Review: Headhunters

In the midst of a glut of sombre, politically challenging Scandinavian crime dramas, Headhunters – while ticking the ‘Norwegian’ and ‘crime novel adaptation’ boxes – proves an awkward bedfellow for the likes of Stieg Larsson’s Millennium trilogy.

Morten Tyldum’s adaptation of Jo Nesbø’s novel veers from the sublime to the ridiculous, a slightly mad cocktail of genres and themes. Gritty crime thriller? Moody relationship drama? Screwball comedy? Elements of all three appear as eponymous headhunter and high-end art thief Roger Brown (played by Aksel Hennie, who can only be described as looking like the Norwegian love child of Conan O’Brien and Steve Buscemi) attempts to solve his financial woes with one last heist, and finds himself in a series of increasingly bizarre and grisly situations. Outwardly polished and confident, once the shit hits the proverbial fan Roger’s espionage skills prove to be somewhat lacking – or so we are led to believe.

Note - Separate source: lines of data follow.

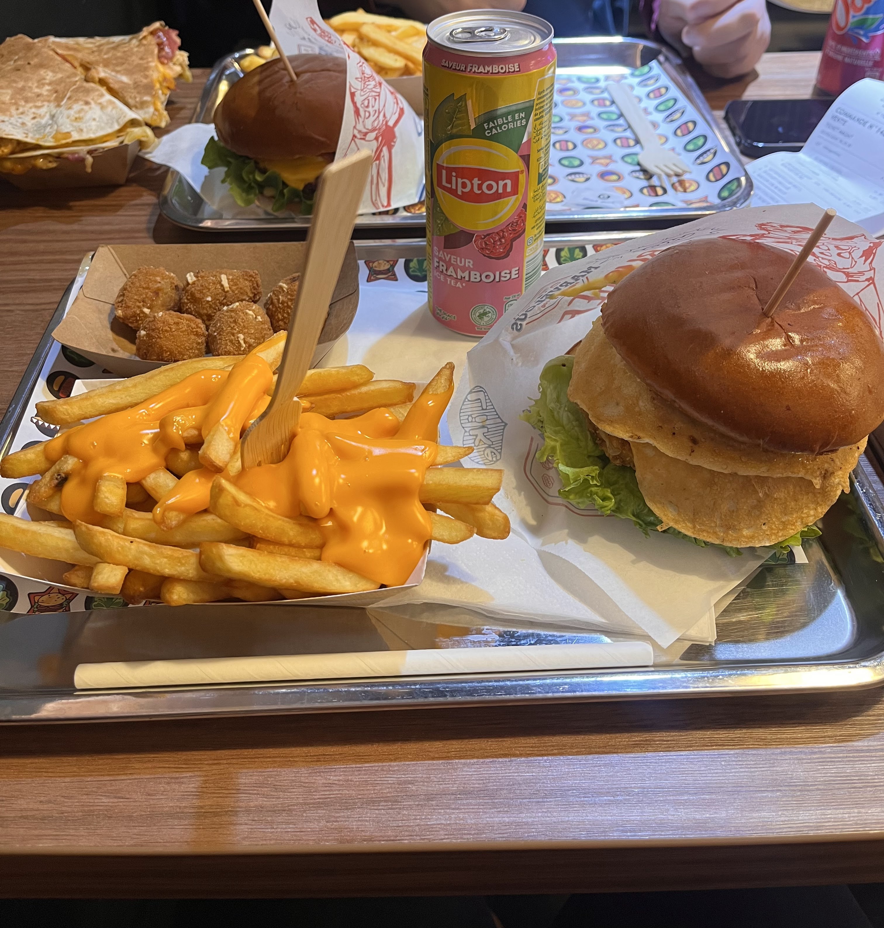 Trop de choix; ce qui complique et ralenti les commandes sur les bornes. Burgers corrects mais sans plus. mon pain était gras, je me demande pourquoi, donc pas simple à manger. Frites façon Poutine … tout dépend si on connaît les Poutines ☹️. Pepsi et pas de Coca. La déco est sympa mais pas de qualité, ça commence déjà à se dégrader.1er essai non concluant me concernant.
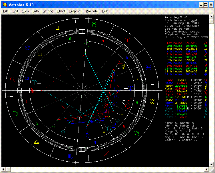 † 【占星】エジプト騒乱 †今、チュニジアの政変から北アフリカアラブ各国へ波及している中、 エジプトが騒乱状態になっているとのこと。これを書いている途中に、内閣総辞職というニュースも来た。 土曜日に 勢いで星図を立ち上げたのですが、 占星として 時機が収斂しきれていない時だったかもしれません。 率直に言って、星図がどこまで有効性をもっているか、疑心暗鬼です。 っていうか、星図を読み間違っているような気もする。 いまいちスッキリしてない。間違いを起こすのを怖がっていては勉強できないですよね。。だから「わたしは占星術勉強中の素人ですから・・・」と先に言い訳しておきますよん。 金星の日の、太陽の時刻の星図。 ASC支配星と 時間支配星が同一なので、ラディカリティが基本的には有るということのようですが・・・。 ASC支配星がアングルで月とアプリケーションでもあり、DESに海王星も乗っている。 1Hがエジプト国家および政府、今回は反政府活動なので7Hも注視する。 その7Hに、国土国民の4H支配星 熱狂・放火・暴力の火星が入っている。 DESの海王星が 国内の不安定状態を象徴していて、 ムバラク大統領 ASC支配星が7H内にあって損害の位置で、火星と合。 民衆の暴力行動 火星はコンバストなので、本来は 政府側が強いはずなのだが、 太陽がデトリメントなので、軍や治安部隊が出たものの、微妙な力関係となっている。 7H側の主支配星 土星は 逆行で高揚。威勢が強く 騒乱状態。 だが、レトログレイド&キャデントで、有効性が弱い。 土星は軍隊・治安部隊の6H支配星でもあり、情勢の行方を見守っている。 悪く言うと、治安部隊が高みの見物をしている。 主役であり 民衆の星である月が、木星から太陽に働きかけている。 7+2H 景気物価の問題と国の将来に夢を見ている。7+11Hは、法治国家らしい民主国家を望んでいる。 木星は宗教と哲学科学と自由思想の星。 イスラム教と民主制の融合した イスラム的精神共済の法治議会民主政治の要求の高まり。 6週間後(3月上旬)、月が木星にレセプション。このとき、国民側から勝利宣言が出される。 太陽は火星と合。火星は 海外 9H支配星。しばらくして (おそらく1ヵ月半後の3月半ば)太陽と火星の立場が逆転する。 大統領は 1ヶ月半後に海外に逃亡するだろう。これは先ほどの6週間後と共鳴する。 8週間後(3月半ば)、10H支配星 金星が 6Hサイン中の竜頭と接触。国民的英雄が現れ、 国家元首候補の立場になるかも。 金星がサインを変えて 7+12Hの山羊座に入って、7+9H支配星でもあるので、海外活動(亡命?)していた人物とか。 6HとMRとなるので、軍隊や大統領の側近と 取引や協調関係が作られる。 まとめると、3月になって、海外活動していた国民的人気のある人物が、 大統領側近や軍隊と協議して、平和的政権移行が決まる。 そして、大統領は海外亡命を迫られ、国民側から勝利宣言が出される。 ・・・という私の推測です。 ムバラク大統領 辞任2週間後の 2月11日に、ムバラク大統領の辞任が、副大統領によって表明されました。これは、太陽と火星のコンジャンクションによって表示されているものです。(ケデントで アングルカスプサインの水瓶座1度40分差、ディスポジターが オリエンタルで、ケデント ムーバブル) ・・・こんなのは 基本的な表示であり、これを見誤った見落としたのは、占星術を学んでいる私としては 実に恥ずかしいミスです。 火星は9Hルーラーであり、遠方への脱出の表示とも見てとれます。 また、9Hは法律を意味するので、憲法停止(既存の法体系への攻撃的支配)でもあります。 (2/20 記)
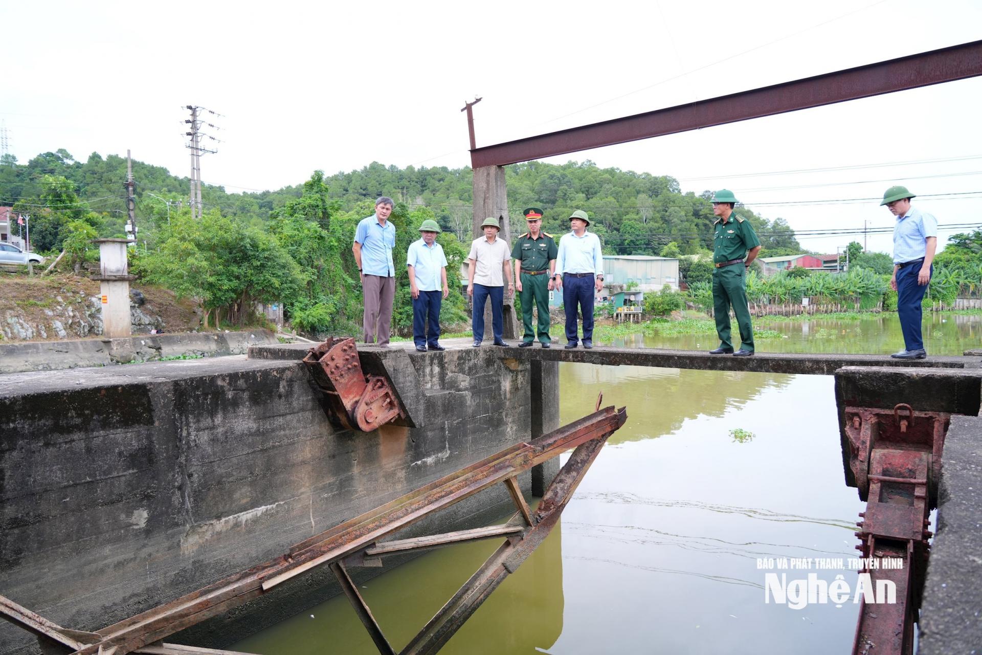 Phó Chủ tịch UBND Nguyễn Văn Đệ đã kiểm tra công tác vận hành tiêu úng của cống Nghi Quang. Được xây dựng và đưa vào sử dụng hàng chục năm nay nên khả năng tiêu úng của công trình hiện kém hiệu quả.

Having become accustomed to the dense, tightly knitted, slow-burn plots of both the aforementioned Swedish series and Danish TV shows such as Forbrydelsen (The Killing), Borgen and The Bridge, the film’s light-hearted opening is unexpected and refreshing. The clean lines and modern art of Roger’s 30 million kronor house are a world away from Lisbeth Salander’s murky Stockholm, and the narration and jazzy score nod to the conventions of the crime caper. Laying his cards out at the very beginning with a lesson in successful art thievery, Roger’s authoritative voice-over obliquely suggests he might actually be one step ahead. Its absence until the denouement means, however, that thoughts of trying to unravel the plot are largely forgotten, as his tangle with the wrong people leads him on a bizarre chase across what seems like half of Norway. Just as well, because the film turns out to be considerably cleverer than you might initially give it credit for.

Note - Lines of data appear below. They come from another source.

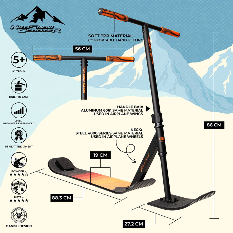- Trotineta cascadorie NKD SNOW este o trotinetă cascadorie pentru călărit și efectuarea de trucuri pe zăpadă, concepută pentru copii și adolescenți începând cu vârsta de 5 ani și combină cele mai bune caracteristici ale unei trotinete cascadorii și ale unu
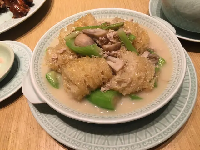 魚鰾入口即溢出濃濃的水瓜高湯,魚鰾爽口多汁,感覺有如竹笙般,但又比竹笙軟滑。
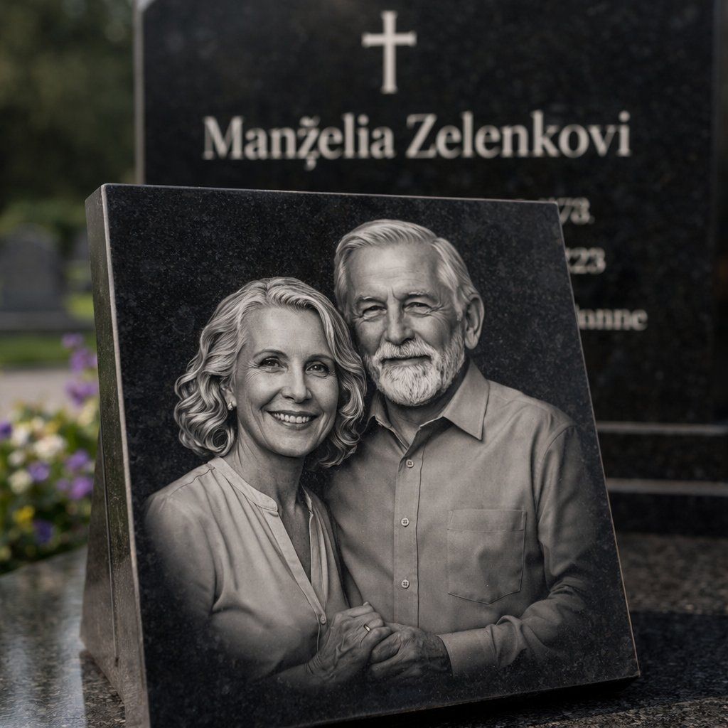 Kompaktná tabuľka s gravírovanou fotografiou je ideálna najmä v prípadoch, keď sa portréty už nezmestia na existujúci pomník alebo náhrobný kameň. Vďaka praktickému formátu umožňuje umiestniť dva portréty spolu na jednom mieste.
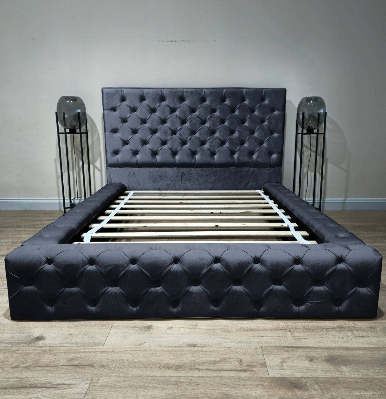 We are delighted to offer our bose with a chesterfield matching headboard and tufted upholstered side rails and footboard. This is a truly stunning quality bed. Single, double , king, super king all sizes available please do get in touch with further questions.
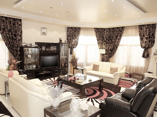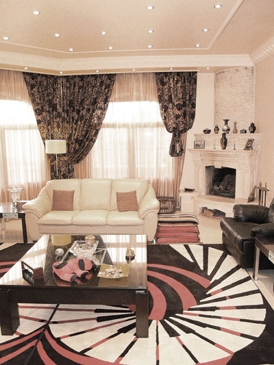 ولإضفاء أجواء خاصة، احتلت زاوية غرفة الجلوس مدفأة من الحجر الأبيض. كثرت في هذه الجلسة الأبواب والنوافذ التي انسدلت من أمامها الستائر باللونين البني والأسود.

The chase is peppered with spectacularly gruesome, almost laughable violence, vaguely reminiscent of the Coen brothers in its sheer improbability – one scene in particular, involving a large dog and the prongs of a forklift truck, drew chuckles from an audience who seemed to feel this was so bizarre it was okay to laugh. There are times when it feels like the film, unsure what it really wants to be, is trying a bit of everything and hoping something sticks. The problems in Roger’s relationship with his beautiful wife Diana, while yielding the occasional touching moment, are slightly textbook, and some of the most enjoyably wacky characters are only peripheral. Headhunters is redeemed, however, by its last five minutes. The resolution is neat and satisfying, stylistically and thematically circular, and makes you realise that it did know where it was going after all. Aside from its Scandinavian credentials, the film shares more DNA with screwball and black comedy than with its ‘Nordic noir’ cousins. For enjoyably bizarre entertainment, you could do far worse.